Сергей вовремя убрал ногу, иначе бы по ней проплясал отвязавшийся тип в заляпанной вином рубашке. Тип вбивал каблуки в паркет под заказанную Шрамом музыку, как костыли в шпалу вгонял. Типа, товарищ жениха по работе. Эх, а когда Сергей в последний раз так одухотворенно плясал? Не меньше, чем десяток апрелей назад.
– Давай посмотрим, что приволок депутат, Мариш, а, Мариш? – ныла за столом свидетельница, специально из-за этого не пошедшая плясать.
– Смотри, – сдалась невеста, которой и самой было страсть как любопытно.
Свидетельница присела возле Шрамовской коробки, оторвала к чертям ленточный бантик и вспорола ногтем цветастую обертку. Показалась картонная тара с разъяснительными картинками и иностранными надписями.
– Пылесос! Сонивский! Просто так отвалил! – поразилась свидетельница, – Во жируют, гады, распендрить через кучу всю эту депутатскую сволочь!
Сквозь гам Сергей услышал писк свидетельницы и чуть не залился простым искренним смехом. Он почти любил и свидетельницу, и надутую тещу, и всех, всех, всех вокруг.
– Много народу было? – Сергей отхлебнул сока, оказавшегося яблочным. Некая заботливая милашка поднесла Сергею и тамаде по стакану от чистого сердца. А разве в нынешнем мире Шрама такое бы могло произойти? Понятно, ему бы поднесли хоть цистерну сока, только моргни глазом. Но ведь сделали бы это без души, по обязанности. И пить поднесенный в другом мире сок он еще бы трижды подумал, мало ли что могли сыпануть в бокальчик?
– У Романова? Четыреста человек одних гостей. И, наверное, столько же охраны. Плюс обслуга. Поваров взяли из "Астории", на то время их кухня считалась самой лучшей. При выносе с кухни блюда пробовали специально обученные люди из КГБ. Можно посчитать и артистов, которых отобрали на свадьбу. Артисты были сплошь ленинградские, чтобы показать московским делегатам, мол, и сами с усами без ваших выскочек. Программу, конечно, составили по канонам тех времен: сначала оперы с балетами, потом хохмачи и эстрадные певцы с ансамблями. Но я вам признаюсь, программу до конца не доработали. Знаете, как бывает: выпили-добавили, слушать не интересно, самим шевелиться охота. Григорий Васильевич подозвал меня. "Хватит, – говорит, – муры, не в театрах, и чтоб тосты не длиннее чем ссышь". А люди-то сплошь большие. Говорю, мол, вы сейчас выступаете, товарищ генерал, но дядя Гриша покороче просил. А генерал наклюкался уже так, что впору санитаров звать, да я, говорит, тебя с Гришей твоим...

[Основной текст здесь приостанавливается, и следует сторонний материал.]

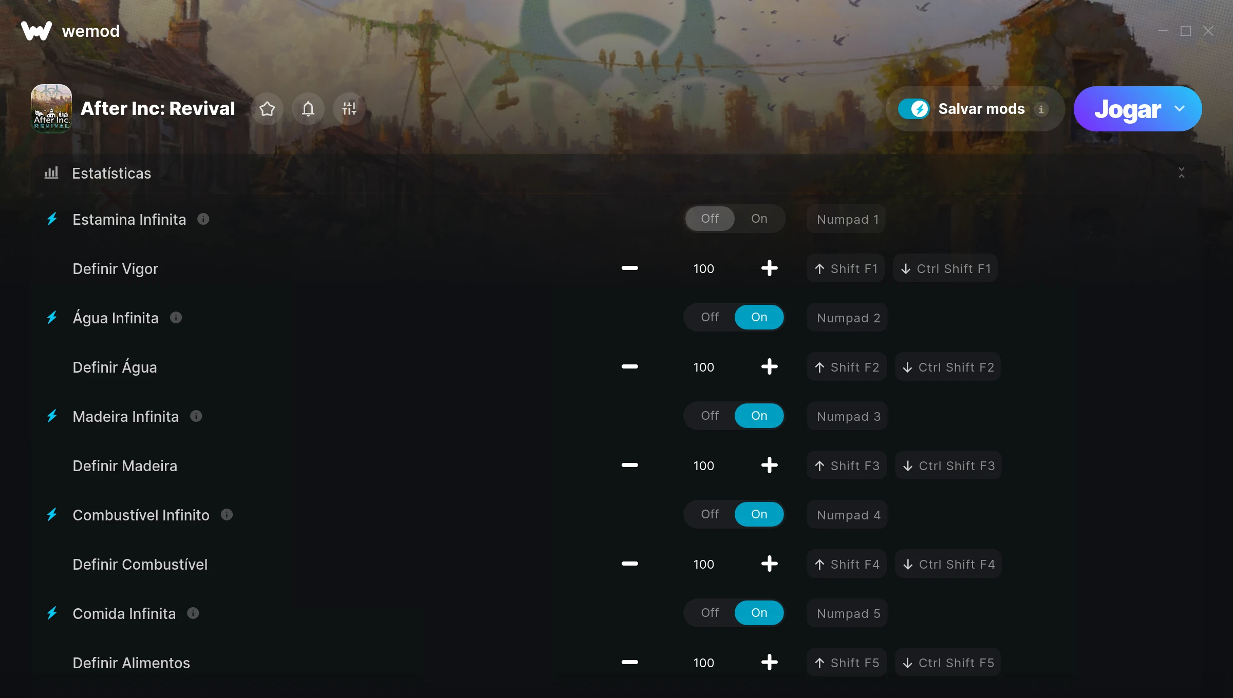 Como uso as trapaças em After Inc: Revival?O WeMod exibirá todos os jogos no seu PC com segurança. Abra um jogo da lista e simplesmente pressione Jogar. Depois que o jogo for carregado e você estiver no jogo, você poderá começar a ativar diferentes trapaças!Vai funcionar com a minha versão do jogo?O WeMod usa tecnologia avançada para detectar a versão do jogo que você está rodando e avisar se é suportada. Se não for, você ainda terá a opção de tentar assim mesmo ou solicitar uma atualização!
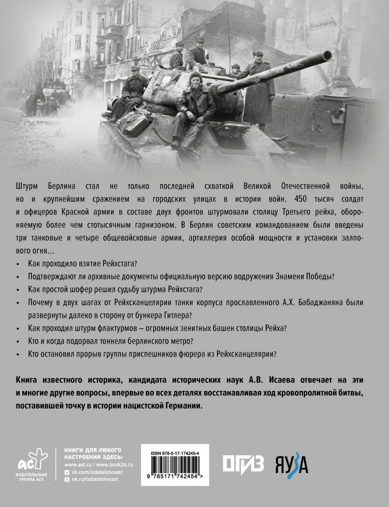 💳 Оплатить за товар можно при получении 🇰🇿 Есть бесплатная доставка по Казахстану от 1 дня 🎁 Копите бонусы с каждой покупки Серия: История Великой Победы. Подарочная энциклопедия Штурм Берлина стал не только последней схваткой Великой Отечественной войны, но и крупнейшим сражением на городских улицах в истории войн. 450 тысяч солдат и офицеров Красной армии в составе двух фронтов штурмовали столицу Третьего рейха, обороняемую более чем стотысячным гарнизоном. В Берлин советским командованием были введены три танковые и четыре общевойсковые армии, артиллерия особой мощности и установки залпового огня... |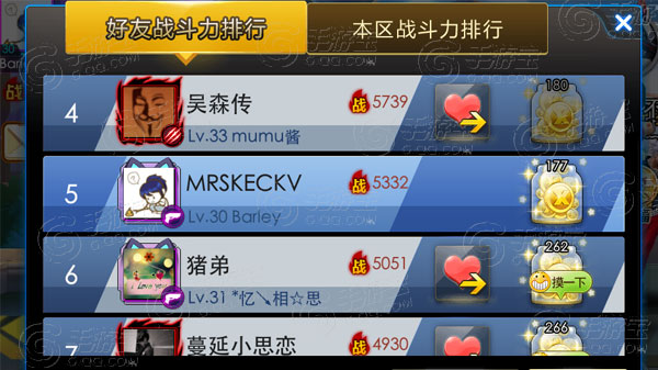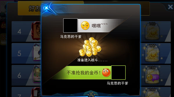 打开“排行”就会看到好友战斗力排行,试着去摸一下.....进行试探能不能偷取对方金币,如果不行,那就准备战斗吧!!!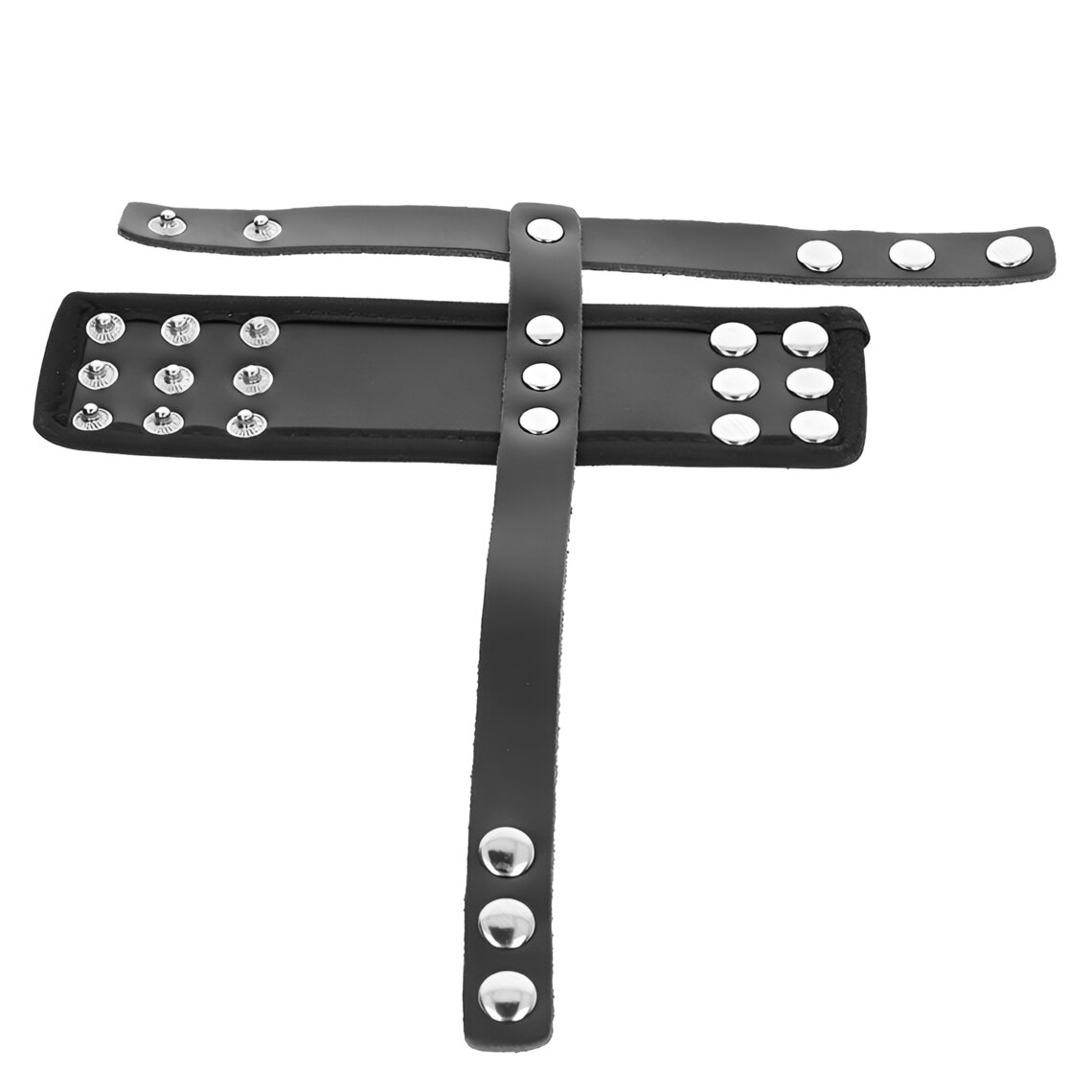 Een BDSM-stijl accessoire dat synthetisch leer en metalen details combineert voor een duurzaam, verstelbaar en visueel opvallend ontwerp.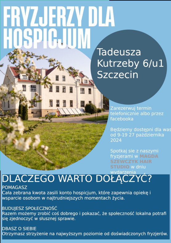 Akcja „Fryzjerzy dla hospicjum” organizowana jest przez salon Hair Studio przy ul. Kutrzeby 6/u1. Aby wziąć w niej udział, wystarczy skontaktować się z salonem przez Facebooka lub umówić bezpośrednio na miejscu.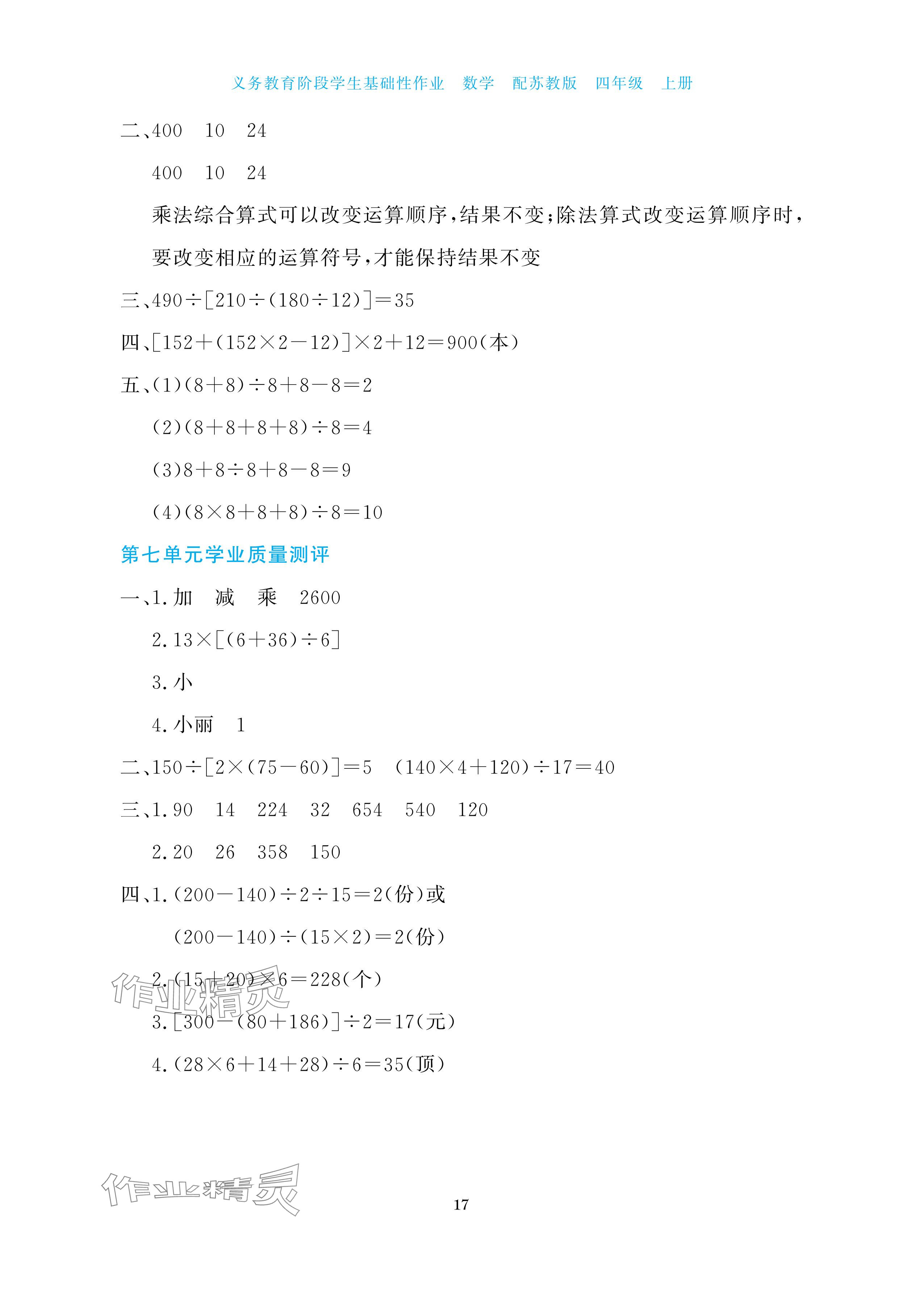 注:目前有些书本章节名称可能整理的还不是很完善,但都是按照顺序排列的,请同学们按照顺序仔细查找。练习册 2025年学生基础性作业四年级数学上册苏教版 答案主要是用来给同学们做完题方便对答案用的,请勿直接抄袭。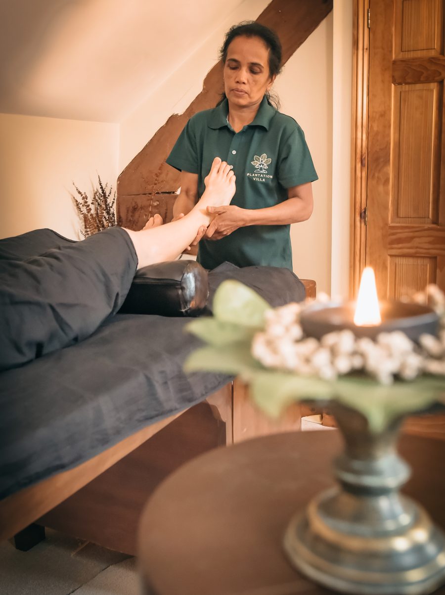 Traditional wooden treatment beds for therapies such as Shirodhara and herbal steam treatments were brought from Sri Lanka. As warm herbal oils are prepared and applied by our therapists, their natural aroma fills the space, creating a deeply immersive setting for Ayurvedic healing.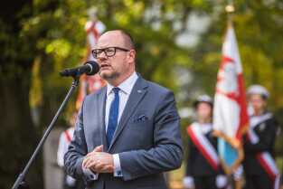 Gdańsk, cmentarz pocztowców na Zaspie. 79. rocznica rozstrzelania Obrońców Poczty Polskiej w Gdańsku. Nz. Prezydent Gdańska Paweł Adamowicz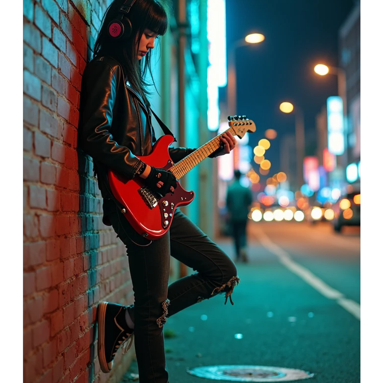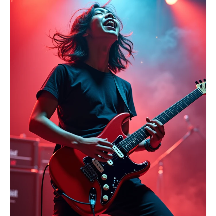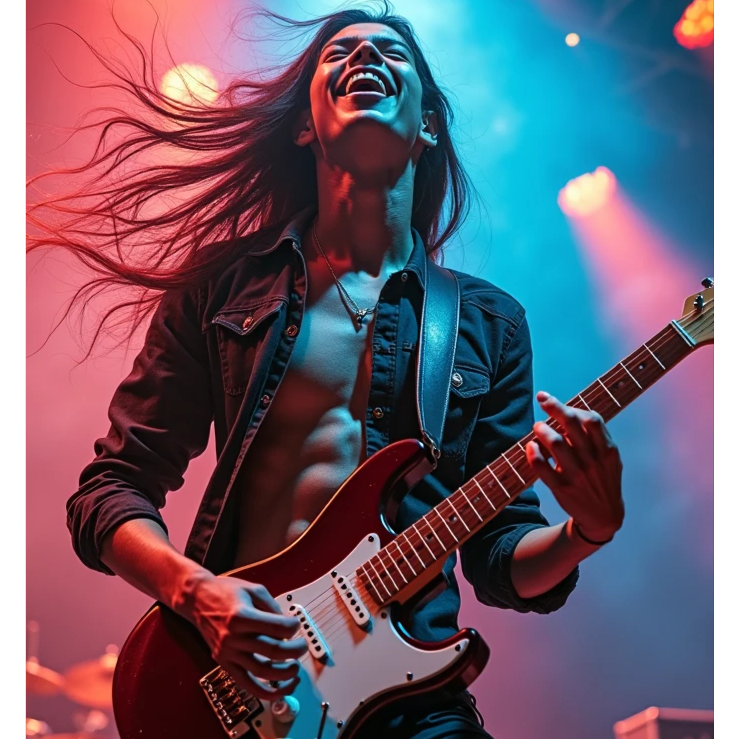 A Dangdut-Prog Djent/Blues-Rock/Jazz Fusion Party Anthem, Vocals: Dangdut’s passionate vibrato, but with rock grit, Guitars: Djent chugs + blues bends + jazz-fusion arpeggios, Rhythm: Kendang meets prog odd-meter, with a 4-on-the-floor dangdut chorus, Party Vibe: Lyrics celebrate musical rebellion—"No rules, just groove!"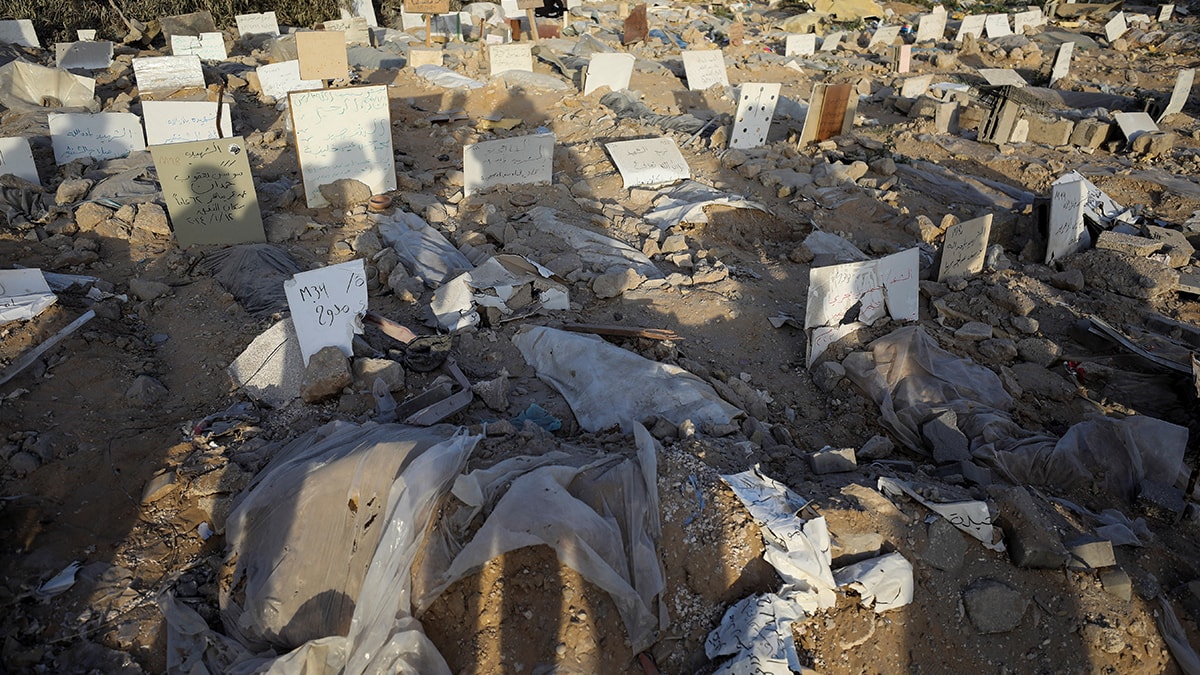 İsrail ordusu, Filistinlilerin Şifa Hastanesinde kurduğu geçici mezarlığı da yıktı. İsrail ordusunun çekilmesinin ardından hastaneye gelen Filistinliler, yıkılan mezarlıklardan çıkan cesetleri topladı.

А теще кусок в горло не лез. Во-первых, тетя Рая подарила набор вилок и ножей, чего на свадьбу ни в коем случае дарить нельзя! Во-вторых, первым на ковер в загсе наступил жених, то есть выходит, что в семье главенствовать станет он. И в третьих, НУ НЕ НРАВИЛСЯ ей Кирилл!
– Да, то была Свадьба, молодой человек, – тамада проводил глазами ударника танцевального фронта. – Видно, на таких уж не бывать мне до конца дней. Хотя я, например, выдавал замуж трех дочек прежнего директора Кировского завода, женил президента аукциона "Заготпушнина" и чрезвычайного посла республики Зимбабве...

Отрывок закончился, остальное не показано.